Lyn set down the cup on her bedside table and strolled to the tallboy for her nightdress. She opened the drawer in which she kept her nightwear and her lingerie ... and only just held back a frantic scream as over the diaphanous surface of a pink slip there ran a bloated black spider on eight long furry legs.
Lyn backed away, a hand muzzling her mouth, colour ebbing from her face as the spider came over the side of the lingerie drawer and sped down the side of the tallboy to the carpet. In a sudden panic Lyn ran to the veranda windows and fled out of them. She could have dealt with something smaller, but her heart quailed at the thought of tackling that monster ... planted in her tallboy ... put there with the wilful intention of giving her a scare!
The panes jarred in the french doors as she slammed them shut, locking in the monster so that he might be dealt with by one of the manservants. She ran down the verandah stairs and was making her way to the kitchen quarters when the outer door of the patio breezed open. A tall figure strode in, coming face to face with Lyn.
“Senor Corderas!” she exclaimed.
“Buena sera, Miss Gilmour!” Julio gave her a smile and a brief bow. “I hope I didn’t startle you?”
“N-no—”
“You don’t sound too sure.” He came a step closer and the lantern above one of the archways shone on her face, revealing the fright that still lingered in her eyes, making them seem larger than ever. “You have had a fright, chica!”
“It’s rather foolish of me, but—” Her voice shook a little. “I know you’ll think me absurd—”
“Come, you must tell me.” She felt his touch on her shoulders, warm and encouraging.
“There’s an enormous spider in my room a-and I haven’t the nerve to deal with it on my own. I - I was on my way to fetch someone—”
“Then it was most fortunate that you ran into me.” A sudden note of indulgence crept into his voice. “To flee from a spider is quite natural for a woman. Come, I will oust the monster for you.”

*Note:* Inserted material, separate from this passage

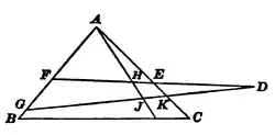 harmonics: If from D we draw DF, cutting the triangle ABC, and choose H on it, so that DE:DF=EH:HF, and if we draw the line AH, then every transversal through D, such as DG, will be divided by AH so that DK:DG=KJ:JG. Menelaus of Alexandria (about 98 A.D.) was the author of Sphœrica, a work extant in Hebrew and Arabic, but not

“I hate to bother you, senor, but thank you.” She walked with him across the patio to the stairway, and soon they had reached her room. She didn’t voice her suspicion that the spide
r had been planted among her clothes. The tallboy was a very solid piece of mahogany with no cracks or crannies through which the spider could have crept, nor did she ever leave open the drawer in which she kept such personal clothing. At the back of her mind she suspected Leoni, who was completely without fear of anything that ran on more than two legs. Julio would arrive at the same conclusion, and she didn’t want the child punished by him. Her acts of mischief were motivated, Lyn was sure, by a desperation to be noticed by her parents who seemed always to have other matters on their mind.
Julio regarded the tightly closed veranda doors with a smile. “I see you have barricaded your bete noire well in. It may take me a while to locate him, so in the meantime steady your nerves with a cigarette.” He proffered his gold case, and Lyn who didn’t usually smoke accepted one of his personally branded cigarettes. He held his lighter to it and she inhaled the fragrant smoke.
“Is that better?” he asked.
“Fine, thank you.”
“Good.” He swung to the glass doors, opened them and stepped quickly inside.
Her cigarette was almost down to the cork tip when quite plainly she heard Julio exclaim: “Virgen Santissima!” Then through the glass she saw him going towards the bathroom.
When Julio rejoined her on the veranda the scent of toilet soap was on his hands. “A very nasty object,” he said succinctly.
“You killed it, senor?”
“Very thoroughly, chica. At this time of the year the brutes grow large on the summer flies, but it is rather unusual for one to invade the house. The servants use a furniture polish which is obnoxious to them. That brute must have been less sensitive than his fellows. He certainly looked it.”